Archbishop of Dublin Diarmuid Martin has warned that true reform of the Church in Ireland will not come about by tinkering with structures, but only through a radical spiritual realignment.
Speaking at the weekend, the archbishop also said that change can be hindered by the fact that many people who talk of reform “are still fundamentally clerical in their vision of the Church”.
However, the archbishop has come in for sharp criticism from a group representing parents in Catholic schools after Dr Martin claimed in the same speech that there is a “stubborn reluctance within the Church” to parishes handing over local schools to other patrons to provide for the wishes of non-Catholic parents.
According to Patrick Treacy, spokesman for ‘Faith in Our Schools’, “people at the frontline of protecting the Christian ethos of Catholic schools legitimately expect support and encouragement from the leaders of the Catholic Church in Ireland”.

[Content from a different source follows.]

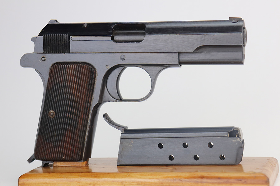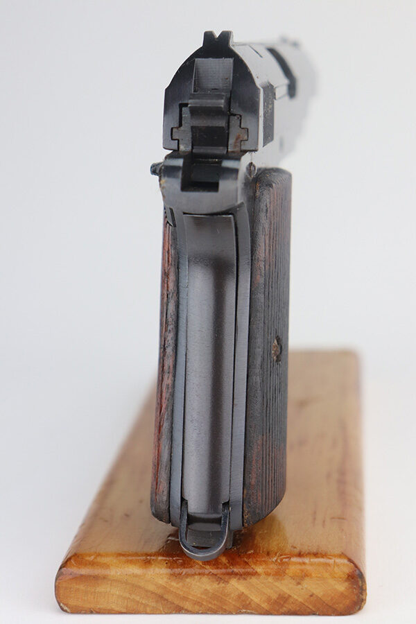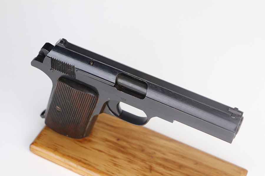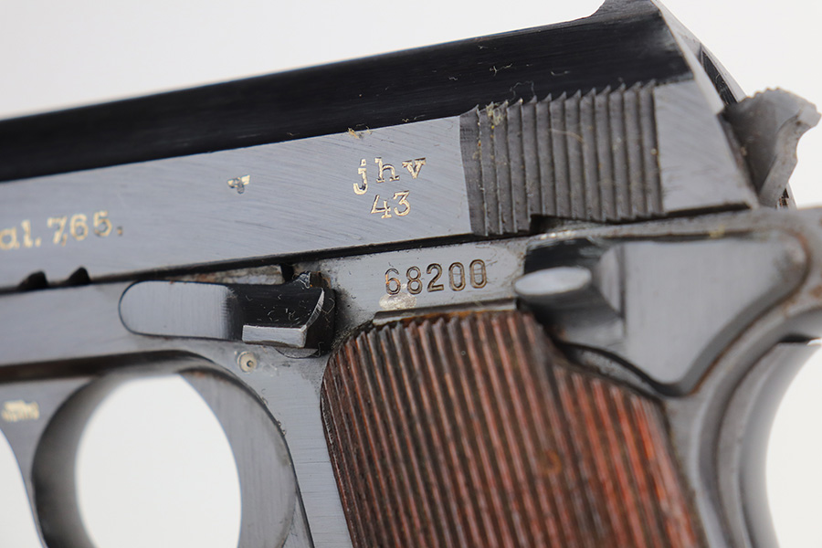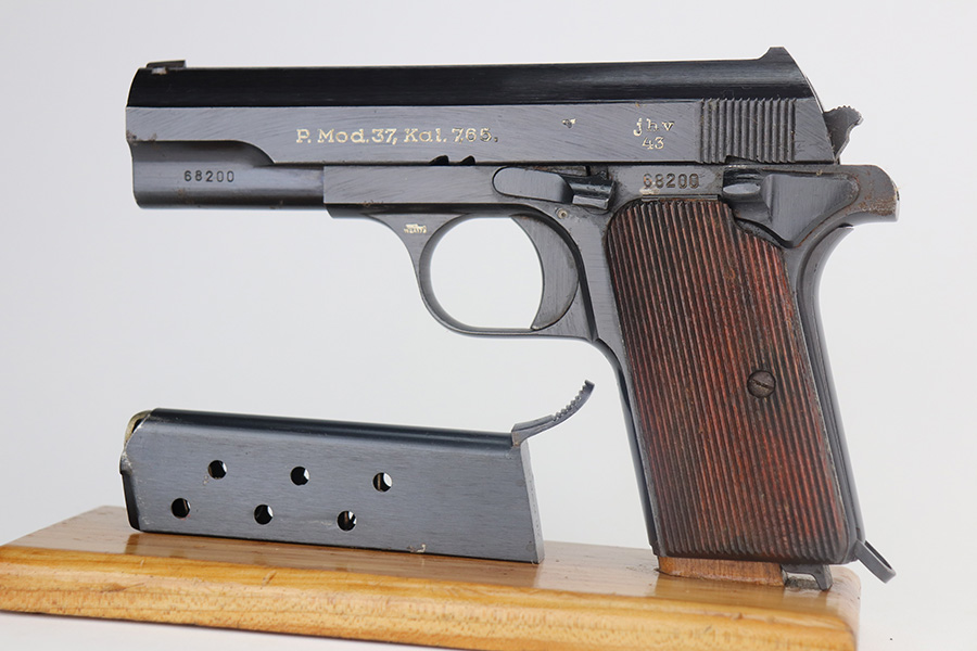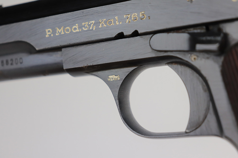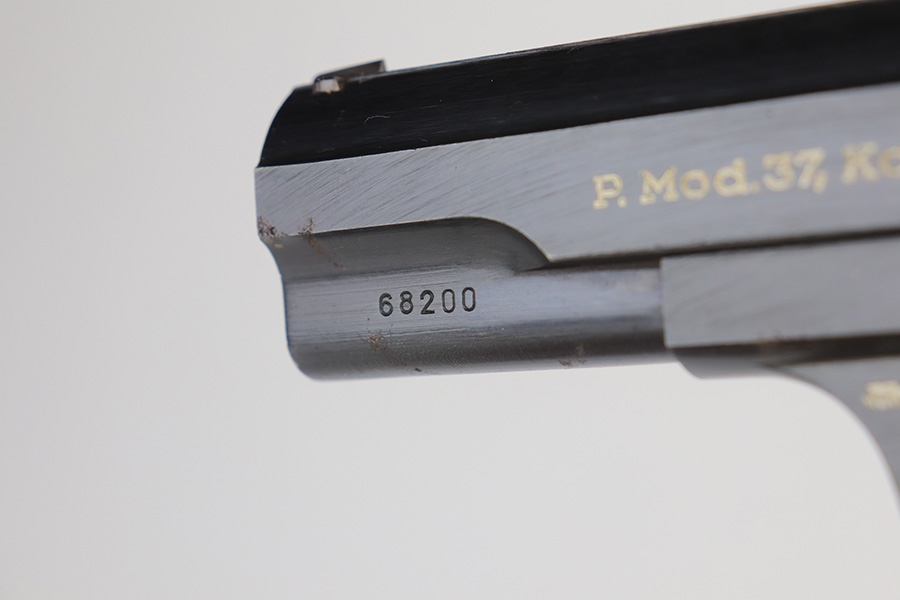 6/8/21 – This is an excellent example of a Femaru Model 37 issued to the Luftwaffe in 1943. This one is all matching and has the proper military proofs. It comes with one original matching magazine. It has retained 99% of its original bluing. The gun would be mint if it weren’t for small areas of minor pitting around the muzzle, tang, and front strap. Comes with excellent grips. Excellent bore – shiny with strong rifling.

Mr Treacy warned of “a systematic removal of faith and religious education” from Irish schools under the current Government. It comes after Minister for Education Richard Bruton announced that he plans to single out Catholic schools to prevent them from giving preference to Catholic children when the school is over-subscribed.
Mr Treacy said the Department of Education had failed to conduct independent research into what schools are oversubscribed and the true extent of that oversubscription. A survey by this newspaper last year found that fewer than 2% of schools nationally are over-subscribed meaning the issue is being hugely exaggerated.

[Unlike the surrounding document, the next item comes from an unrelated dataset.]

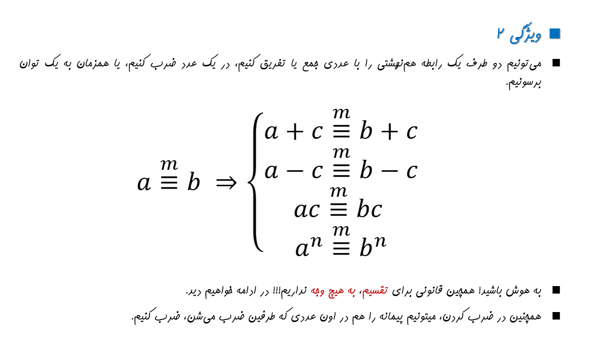 یه جمله معروفی هست که میگه « همنهشتیه و استفاده از ویژگیهاش! » همنهشتی بدون ویژگیهاش کاربردی نداره که! بیاید خاصیتها و ویژگیهای همنهشتی را یاد بگیریم. خاطرتون هست برای جبر مجموعهها یک سری قوانین و ویژگی داشتیم؟ اینا هم از نظر کارکرد همون جوری هستن.
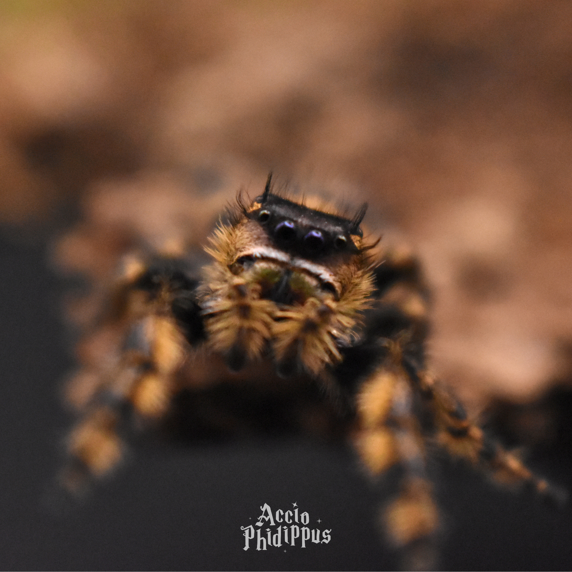 Très longs cils | Reflets des poils irisés | Coloration jaune-orangée sur fond sombre | Grands yeux frontaux | Pilosité importante

“Proper, reliable and independent research is simply essential as otherwise national changes will be made to school admission policies based on the political and media influence of secularist lobby groups,” Mr Treacy said.
On the issue of Church reform, Archbishop Martin said the Church “needs to do much more to incorporate a broad spectrum of activity of laymen and women in the life of the Church and to be witnesses to their faith in the emerging Irish culture”. He warned that “many of the reform movements are still clerically-led and still fundamentally clerical in their vision of the Church”.
“They represent an older generation,” the archbishop said.
“It is not just about reforming structures. It is about the ability to preach and witness to the message of Jesus. Reform in the Church is not in the first place about the redistribution of power, but about the redefinition of power in terms of the way in which Jesus revealed who God is,” Archbishop Martin said.
Jesuit theologian Fr Gerry O’Hanlon described the archbishop’s address – given in Würzburg, Germany – as “a perceptive commentary on the situation in Ireland”. Fr O’Hanlon said Pope Francis’ vision of a collegial or synodal Church seems key to the way forward in Ireland as much as the world at large.
“I think it will be interesting when the Pope comes to Ireland next year to see the extent to which our own Church has taken up the invitation the Pope has extended to the Church worldwide,” he said
Fr Vincent Twomey, emeritus professor at Maynooth, said the lecture, as a sociological description of the state of the Church in Ireland, was “very convincing and impressive in many ways”.
The main problem, he stressed, is that of the loss of Faith – “why is that?” Key questions remain to be answered, he said. “The archbishop talks about conformist Ireland – why was Ireland so conformist? What is it in Irish Catholic culture that made us so?”